Bibliography for reference

1. Dales L, et al. Time trends in autism and in MMR immunization coverage in California. JAMA 2001;285:1183-1185.

2. Kaye JA, del Mar Melero-Montes M, Jick H. Mumps, measles, and rubella vaccine and the incidence of autism recorded by general practitioners: a time trend analysis. BMJ 2001;322(7284):460-3.

3. Madsen KM, Hviid A, Vestergaard M, Schendel D, Wohlfahrt J, Thorsen P, et al. A population-based study of measles, mumps, and rubella vaccination and autism. N Eng J Med 2002;347(19):1477-82.

4. Mars AE, Mauk JE, Dowrick PW. Symptoms of pervasive developmental disorders as observed in prediagnostic home videos of infants and toddlers. J Pediatr 1998;132(3 Pt 1):500-4.

5. Parker SK, Schwartz B, Todd J, Pickering LK. Thimerosal-containing vaccines and autistic spectrum disorder: a critical review of published original data. Pediatrics 2004;114(3):793-804.

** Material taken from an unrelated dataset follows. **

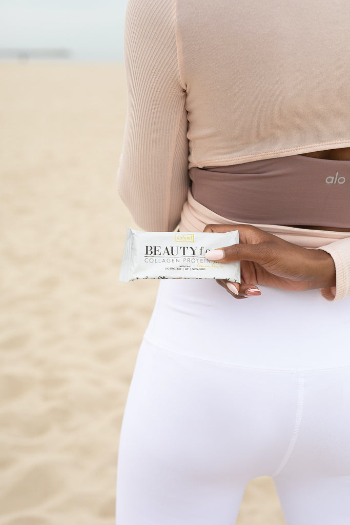 Yes, collagen peptides can help cellulite. There have been a few clinical trials that give us information that shows a direct correlation between collagen peptides and cellulite specifically. In one clinical study, women who received collagen peptides daily for 6 months showed a decrease in cellulite compared to the placebo group, which stayed the same. This is very promising information that shows how collagen can truly change your body and help you achieve the results you want. The specific collagen peptides you need for your body depends on how much cellulite you have, and if you have any other skin issues you want to resolve. Collagen peptides are one of the more popular forms of collagen. They can sometimes be labeled as bioactive collagen peptides, collagen peptides, or hydrolyzed collagen, which is the same thing. This simply refers to how the collagen is broken down. When it is in peptide or hydrolyzed form, it means it has been broken down into very tiny particles, which are easily absorbable and digestible. The great thing about collagen is there are no known side effects. This means it is safe to try and see how it works for you. There are also more types of collagen besides collagen peptides. You can try different types and see what works best for you. We discuss collagen peptides and hydrolyzed collagen so much because they are typically regarded as the best types of collagen. This is because of what we mentioned previously: they are broken down more. This means you can see better results due to the fact that your body can actually absorb these particles. Collagen is helpful for so many varying issues beyond just our skin; you can try collagen peptides to help with tons of other health issues and improve your skin at the same time. A great way to incorporate collagen into your daily life is through supplements. To get your daily dose of collagen, you can try our Kalumi BEAUTYfood bars. They contain 8 grams of hydrolyzed marine collagen and sweet potato, containing betacarotene- a precursor of vitamin A, as well as cocoa butter, which contains antioxidants and polyphenols.

6. Stromland K, et al. Autism in thalidomide embropathy: a population study. Devel Med Child Neurol 1994;36:351-356.

7. Taylor B, Miller E, Lingam R, Andrews N, Simmons A, Stowe J. Measles, mumps, and rubella vaccination and bowel problems or developmental regression in children with autism: population study. BMJ 2002;324(7334):393-6.

8. Taylor B, et al. Autism and measles, mumps, and rubella vaccine: no epidemiological evidence for a causal association. Lancet 1999;353:2026-2029.

9. Uhlmann V, et al. Potential viral pathogenic mechanism for new variant inflammatory bowel disease. Journal of Clinical Pathology: Molecular Pathology 2002;55:1-6.

10. Wakefield AJ, et al. Ileal-lymphoid-nodular hyperplasia, non-specific colitis, and pervasive developmental disorder in children. Lancet 1998;351:637-641.